Now, as enforcement letters stream out to advertisers, social media sites, data brokers and ad tech firms from the California Attorney General’s office, it is clear that California Consumer Privacy Act enforcement is not just about data breaches. It’s about cookies and tracking technologies — including analytics trackers. And the penalties for violations could be steep.

CCPA-related enforcement letters sent to companies recently by Rob Bonta, the state’s AG, make clear his position that data tracking for advertising and analytics purposes, including cookie-based tracking, fits within the CCPA’s definition of a data “sale.” Multiple lawyers Digiday spoke to say letters companies have received, ask them to provide details about data sharing specifically in relation to their use of cookies and other tracking technologies for ads and analytics. 

These recent signals from the AG are “kind of narrowing down the gray area that some people were assuming,” said Kagan.

In addition to indicators from specific enforcement letters, lawyers are reading the tea leaves left in a series of generic CCPA case examples the agency published on July 19 which show evidence of enforcement around tracking for analytics purposes and opt-out notices. 

Analytics trackers are “definitely something to pay attention to”

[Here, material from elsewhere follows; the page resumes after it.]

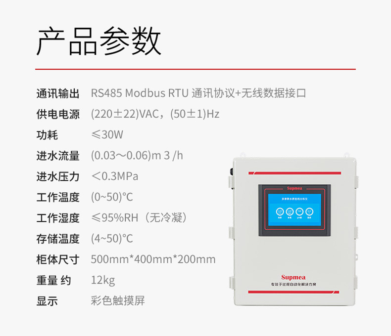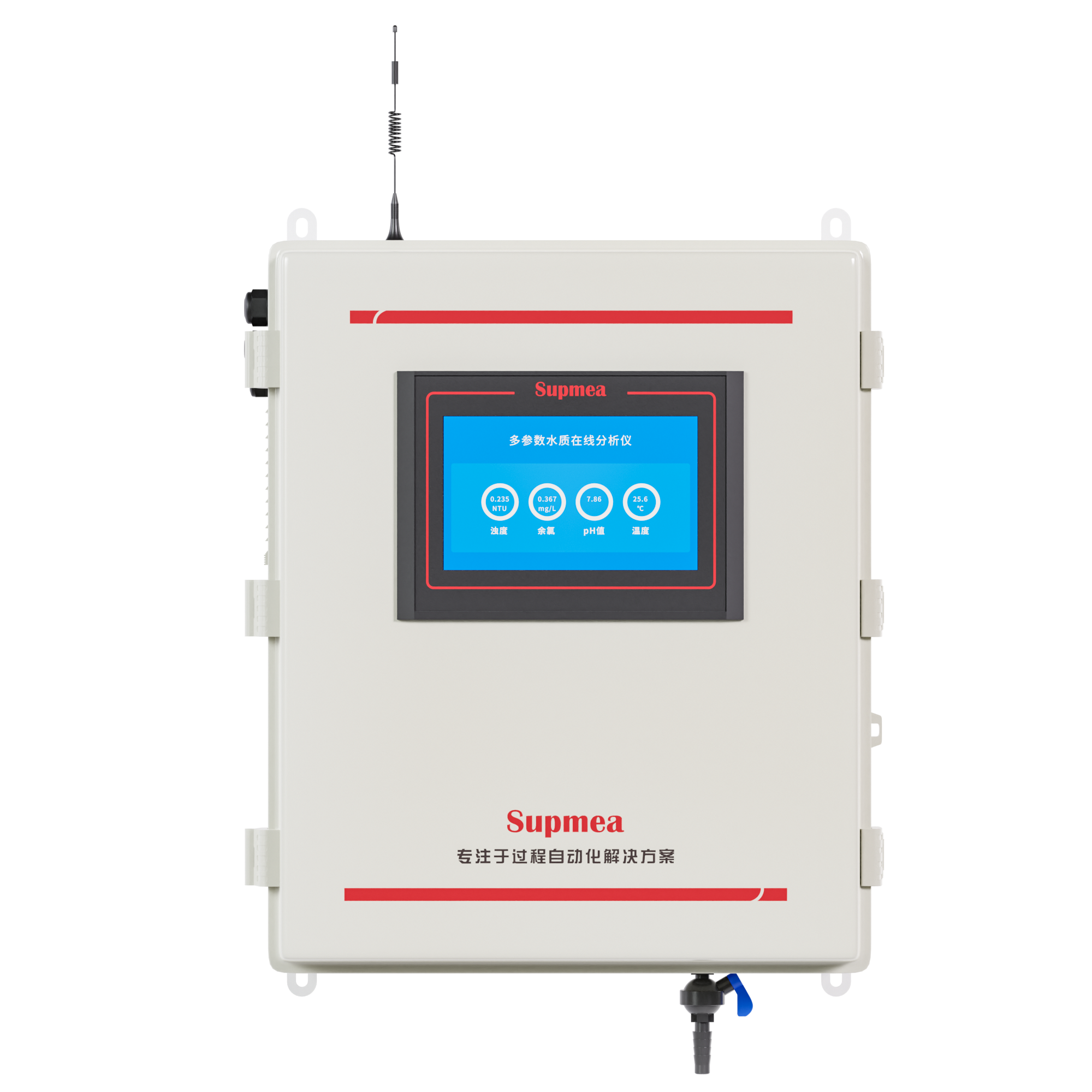 本款多参数水质在线分析仪是本公司自主研发制造的新一代饮用水水质监测设备,该设备可广泛用于城市或村镇自来水厂、自来水输水管网、自来水二次供水、用户末梢、室内游泳池、大型净水设备和直饮水等水质在线监测,是水厂生产过程控制、水利水务管理、卫生监督等领域必不可少的在线分析设备。 多参数水质在线分析仪分为标准版和定制版,标准版监测参数包括浊度、余氯/二氧化氯/臭氧、pH、温度、电导率/TDS、ORP 等。同时,定制版可以根据客户需要,删减参数,定制仪器外形、标志、系统名称等项目。

In one case example published by the AG’s office, an unnamed social media firm was accused of non-compliance after sharing personal information about people’s website activities with third-party analytics providers without providing appropriate notice or opt-out capabilities. “After being notified of alleged noncompliance, the company updated its privacy policy and removed all third-party trackers from its app and website,” stated the case description.

This sign that data sharing via analytics trackers could constitute a data sale “is definitely something to pay attention to [because] this is something that the AG is looking at,” said Kagan.

Lee said there are a variety of factors the AG might take into consideration when assessing compliance when it comes to analytics trackers — such as which entities are involved in data flows, what analytics trackers are used for and whether they are tracking people across multiple sites or offline. “There is a lot of nuance in how these tools work, so it’s hard to create a bright line rule,” she said.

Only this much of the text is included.